Work instructions> Check each line of the data, and copy those where "Speaker" appears.

Data section>
**********
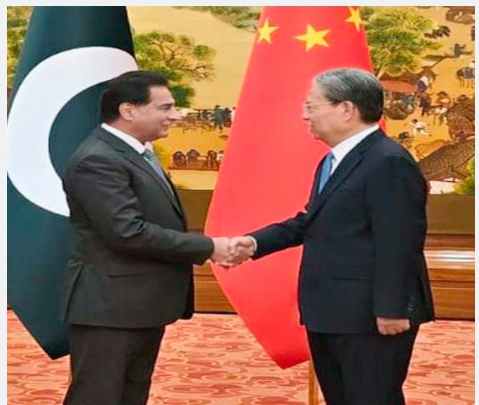
Beijing, 20th January 2026: Hon'ble Speaker of the National Assembly, Sardar Ayaz Sadiq met with Chairman of the Standing Committee of China's National People Congress (NPC) Mr. Zhao Leji during their official visit.

the Speaker stressed that strengthened inter-parliamentary exchanges and the active role of Parliamentary Friendship Groups would significantly contribute to deepening bilateral engagement and reinforcing the strategic partnership between Pakistan and China. Hon'ble Speaker of the National Assembly, Sardar Ayaz Sadiq noted that the Pakistan–China partnership remained vital for sustainable peace, development, and prosperity in the region.
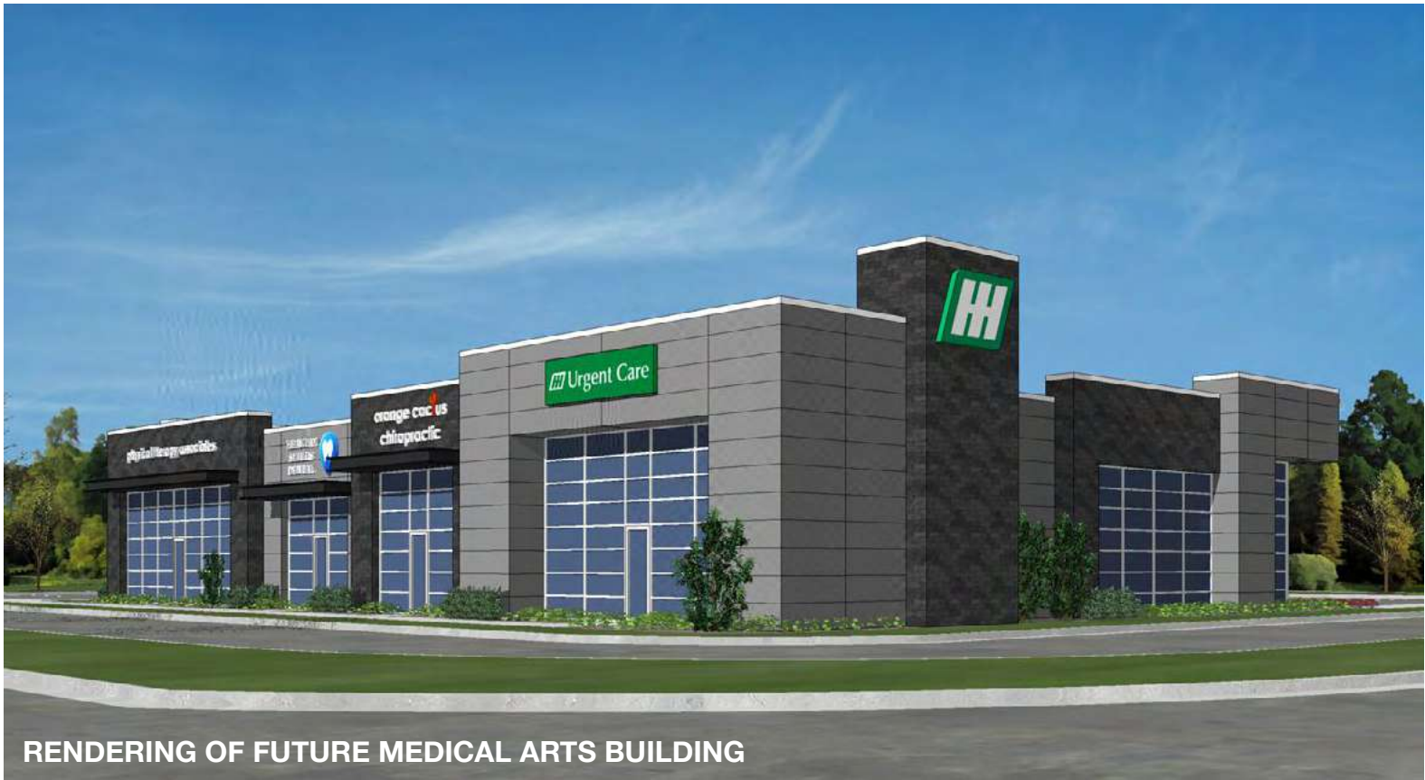
RENDERING OF FUTURE MEDICAL ARTS BUILDING
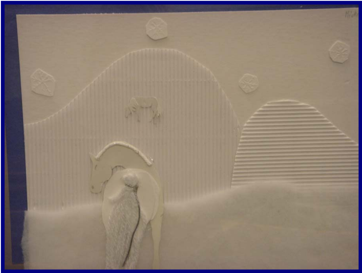
MICHELLE MILES Grade 5
**********
Exercise response>
Beijing, 20th January 2026: Hon'ble Speaker of the National Assembly, Sardar Ayaz Sadiq met with Chairman of the Standing Committee of China's National People Congress (NPC) Mr. Zhao Leji during their official visit.
the Speaker stressed that strengthened inter-parliamentary exchanges and the active role of Parliamentary Friendship Groups would significantly contribute to deepening bilateral engagement and reinforcing the strategic partnership between Pakistan and China. Hon'ble Speaker of the National Assembly, Sardar Ayaz Sadiq noted that the Pakistan–China partnership remained vital for sustainable peace, development, and prosperity in the region.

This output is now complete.